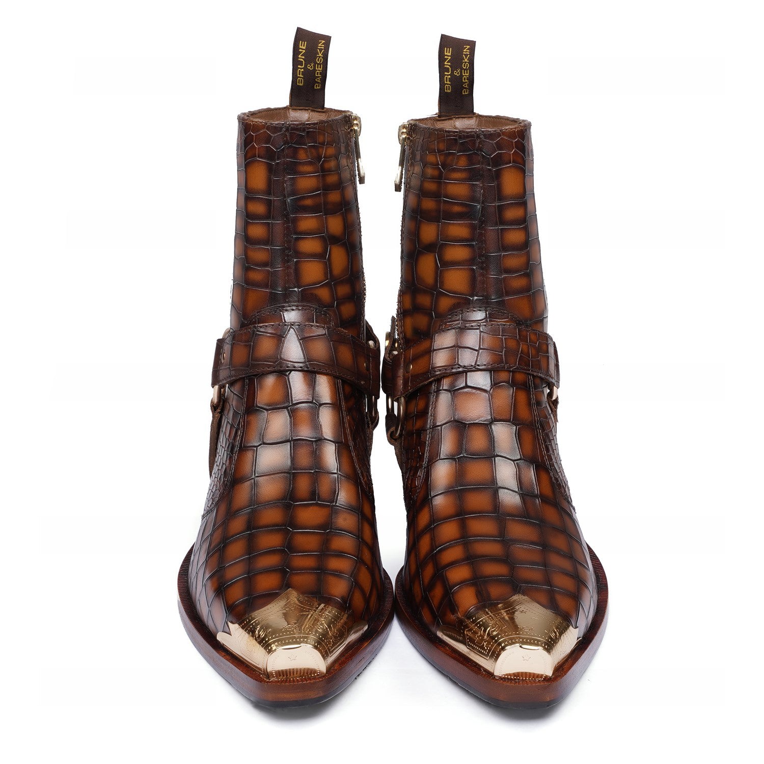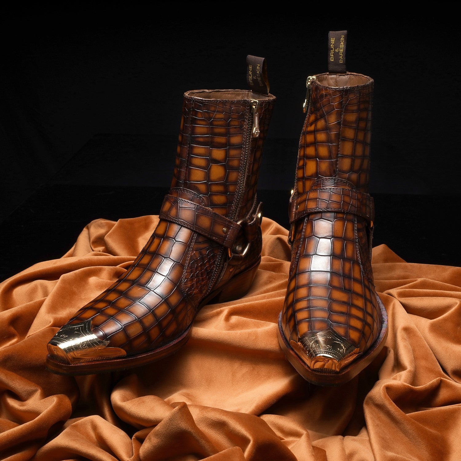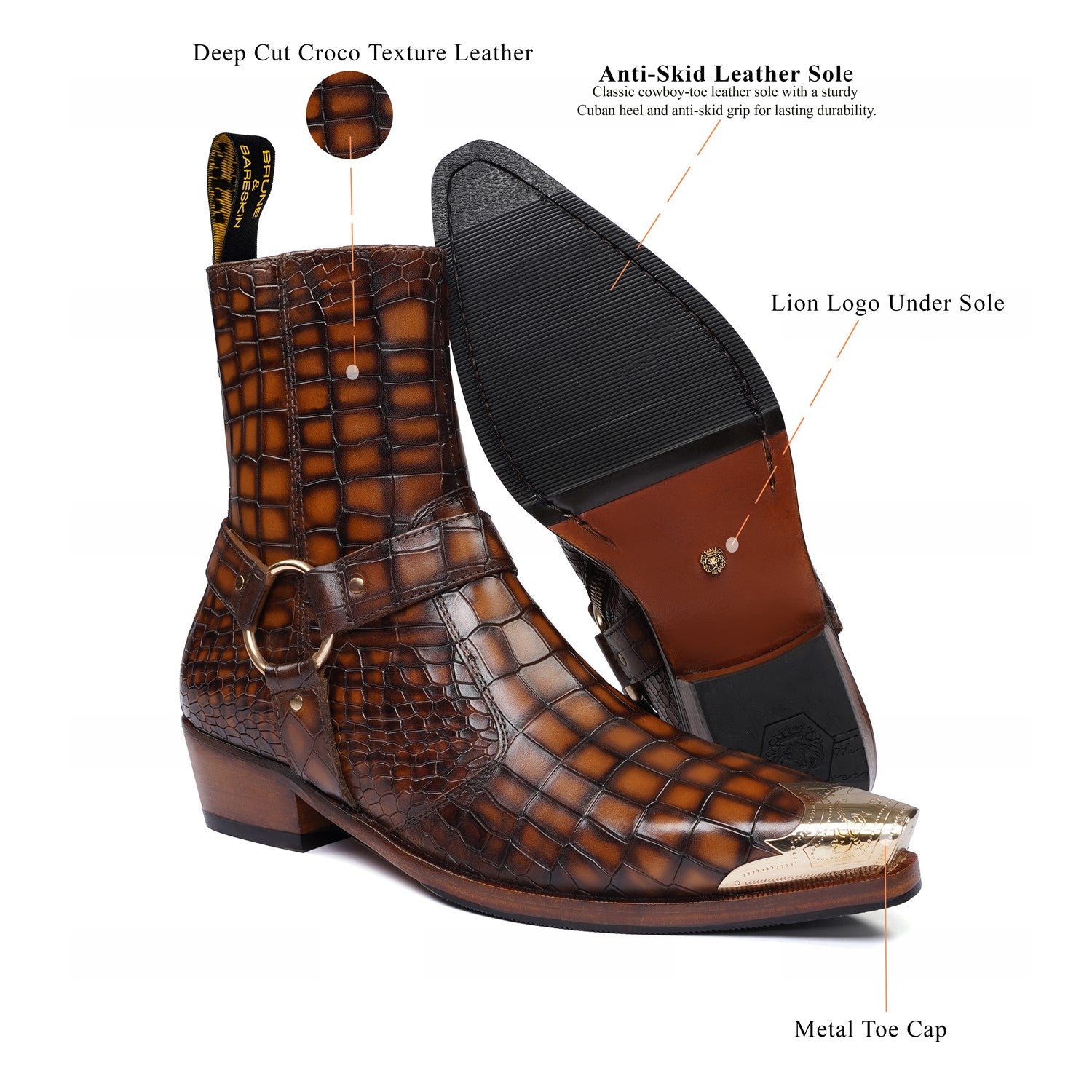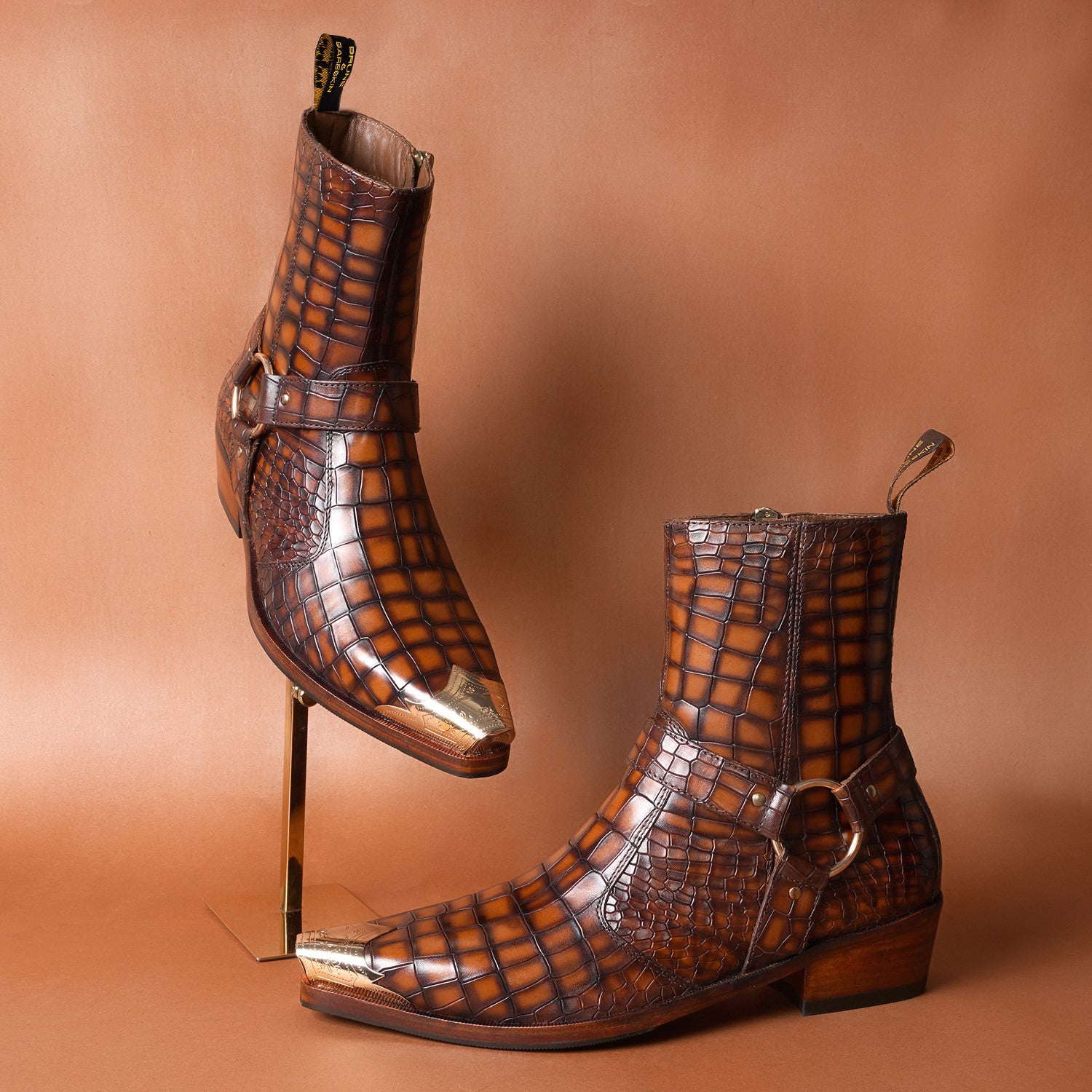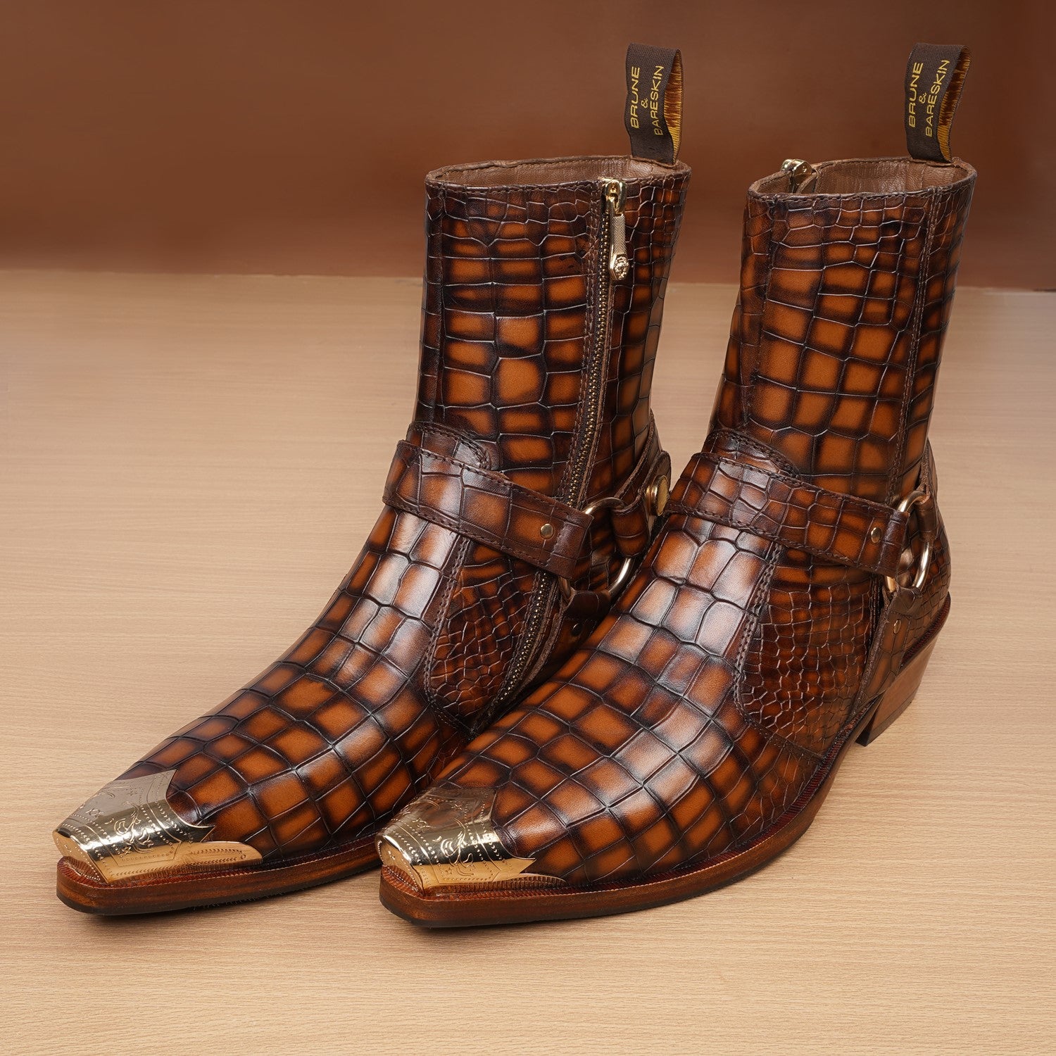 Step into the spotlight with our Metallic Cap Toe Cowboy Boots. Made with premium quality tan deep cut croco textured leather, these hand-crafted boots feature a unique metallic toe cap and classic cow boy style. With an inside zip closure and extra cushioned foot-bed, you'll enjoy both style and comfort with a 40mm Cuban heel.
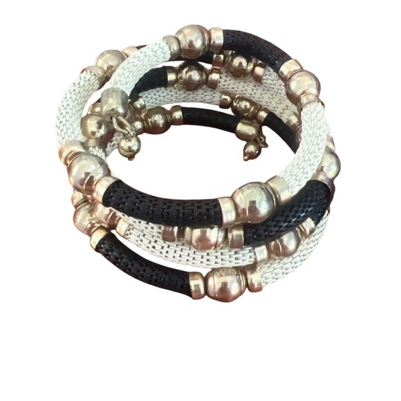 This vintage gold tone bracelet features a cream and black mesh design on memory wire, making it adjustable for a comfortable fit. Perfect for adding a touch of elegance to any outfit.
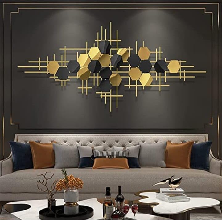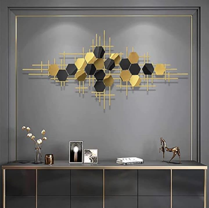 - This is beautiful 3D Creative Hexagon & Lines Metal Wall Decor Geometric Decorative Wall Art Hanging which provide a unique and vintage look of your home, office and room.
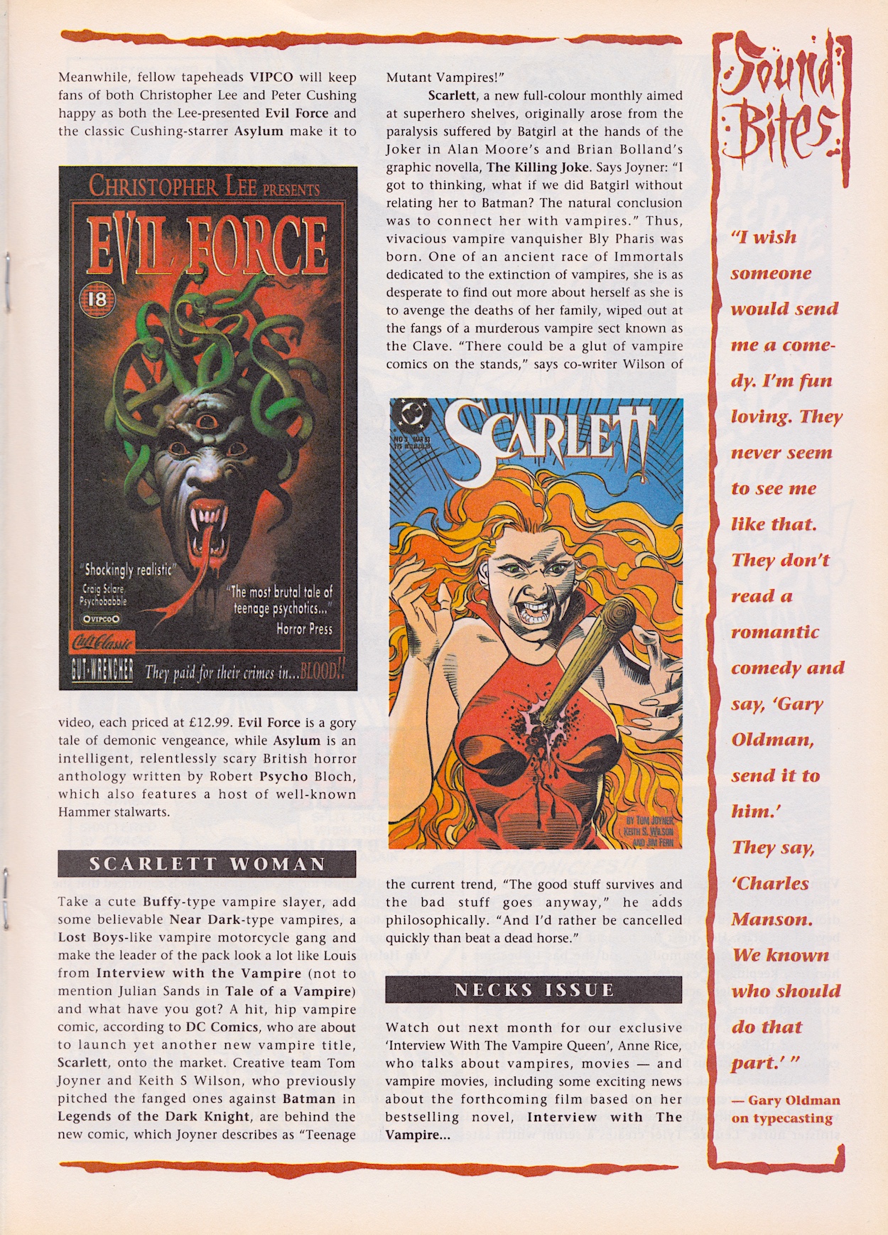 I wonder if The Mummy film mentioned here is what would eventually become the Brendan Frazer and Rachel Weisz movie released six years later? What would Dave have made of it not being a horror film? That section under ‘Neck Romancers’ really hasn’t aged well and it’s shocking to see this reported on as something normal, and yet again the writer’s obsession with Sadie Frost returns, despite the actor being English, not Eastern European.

•••

*Work to be completed*
Would you transcribe, exactly and only, the lines from the one that contains "This vintage gold" through the last line of the data above, without any pictures?

*Your response*
 This vintage gold tone bracelet features a cream and black mesh design on memory wire, making it adjustable for a comfortable fit. Perfect for adding a touch of elegance to any outfit.
 - This is beautiful 3D Creative Hexagon & Lines Metal Wall Decor Geometric Decorative Wall Art Hanging which provide a unique and vintage look of your home, office and room.
 I wonder if The Mummy film mentioned here is what would eventually become the Brendan Frazer and Rachel Weisz movie released six years later? What would Dave have made of it not being a horror film? That section under ‘Neck Romancers’ really hasn’t aged well and it’s shocking to see this reported on as something normal, and yet again the writer’s obsession with Sadie Frost returns, despite the actor being English, not Eastern European.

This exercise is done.